A group of seven leading public health specialists, past presidents of the UK Faculty of Public Health, have called for the Health and Social Care Bill to be withdrawn, because of its ‘threat to the integrity and cohesion of the NHS’.

They warn of its likely effect to ‘widen inequalities in health and healthcare,’ an article in the British Medical Journal has revealed.

In a letter to prime minister Cameron they warn that the bill’s proposals mark ‘an unprecedented marketisation of the NHS which will promote competition at the expense of collaboration’.

The range of healthcare providers will reduce the desire for coordinated collaboration, with ‘care pathways becoming disjointed and the NHS’s assets (and) its professional workforce (becoming) increasingly fragmented’.

In November a survey found little support for the bill among nearly 1,000 of its members.

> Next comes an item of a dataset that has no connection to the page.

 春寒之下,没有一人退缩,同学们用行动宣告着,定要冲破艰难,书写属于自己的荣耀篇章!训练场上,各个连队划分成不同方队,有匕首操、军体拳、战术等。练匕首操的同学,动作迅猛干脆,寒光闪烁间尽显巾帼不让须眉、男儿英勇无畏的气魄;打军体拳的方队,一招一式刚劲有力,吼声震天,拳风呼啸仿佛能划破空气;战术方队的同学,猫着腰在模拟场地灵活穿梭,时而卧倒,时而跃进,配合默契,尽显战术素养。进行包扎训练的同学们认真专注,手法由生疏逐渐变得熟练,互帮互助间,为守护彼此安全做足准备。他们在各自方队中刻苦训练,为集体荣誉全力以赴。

Most (71%) thought that the changes would make it harder to reduce health inequalities and to respond to emergencies and would not reduce bureaucracy (83%).

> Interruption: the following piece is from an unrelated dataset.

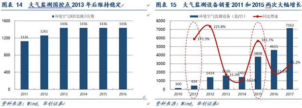第一階段:建設(shè)監(jiān)測體系,國控點(diǎn)、省控點(diǎn)等大型監(jiān)測設(shè)備廣泛布局。第一階段從2011年開始到2013年結(jié)束,首先這是環(huán)境監(jiān)測行業(yè)在各省市普及化布局監(jiān)測點(diǎn)位,集中發(fā)展的重要階段。從監(jiān)測行業(yè)營收來看,行業(yè)銷售規(guī)模從32億元猛增到58億元,兩年內(nèi)的同比增速在30%以上,復(fù)合增速高達(dá)34.6%,而期間監(jiān)測設(shè)備銷量的增長率為12.8%,該階段主要由于采購的主要為大型監(jiān)測站,價值量較高,所以營收增速高于設(shè)備銷售增速;隨著2013年大型監(jiān)測站基本布局完成,大氣監(jiān)測國控點(diǎn)的數(shù)目基本穩(wěn)定在1436個,此后監(jiān)測設(shè)備銷售主要用于補(bǔ)充配置,銷量增速高于行業(yè)營收增速。

The letter’s signatories are Alwyn Smith, June Crown, Rod Griffiths, Sian Griffiths, Walter Holland, Alan Maryon-Davis, and James McEwan.

The leader of Scotland’s doctors yesterday warned that the continued attacks on the medical workforce’s terms and conditions, could risk ‘compassion fatigue’ amongst NHS professionals and lead to the long-term damage of our National Health Service.

Dr Brian Keighley, Chairman of the BMA in Scotland, in his New Year message, said: ‘It is disappointing that over the course of the year, doctors have come under repeated attack on several fronts. Their contracts are being devalued and undermined by NHS employers and now politicians are attacking the NHS pension scheme.

‘It would appear that our political leaders perceive these to be the solution to the country’s national deficit.

‘While this approach might deliver some savings in the short term, it will, in the longer term cause damage to patient care and the loss of doctors from the NHS as many may choose to retire early.

‘The NHS is nothing without its staff and right now with pending budget cuts, pressure on boards to make further savings, and staff cuts on hospital wards, doctors have less time to spend with patients and their goodwill is being pushed to breaking point.

‘Next year will see us surveying our members on the proposals for reform of the NHS pension scheme, and we have not ruled out a ballot for industrial action. Politicians should be wary of underestimating the strength of feeling amongst all members of the NHS pension scheme and listen to our concerns.’

• Four out of five doctors have said they saw patient care suffer as a result of health service cuts during 2011 in a poll of GPs and hospital doctors, carried out for the Guardian newspaper.

Doctors.net.uk, a professional networking site to which almost all British doctors belong, asked: ‘Have cuts to staff and/or services affected patient care in your department, area or surgery during the last 12 months?’

Of the 664 doctors who responded, 527 (79%) said yes and 137 (21%) said no.

Among 440 hospital doctors, 359 have seen cuts, while 168 of the 224 family doctors said the same.

British Medical Association consultants committee chair Dr Mark Porter said that ‘NHS cuts are ongoing and it adds up to a picture where the NHS is now retracting.’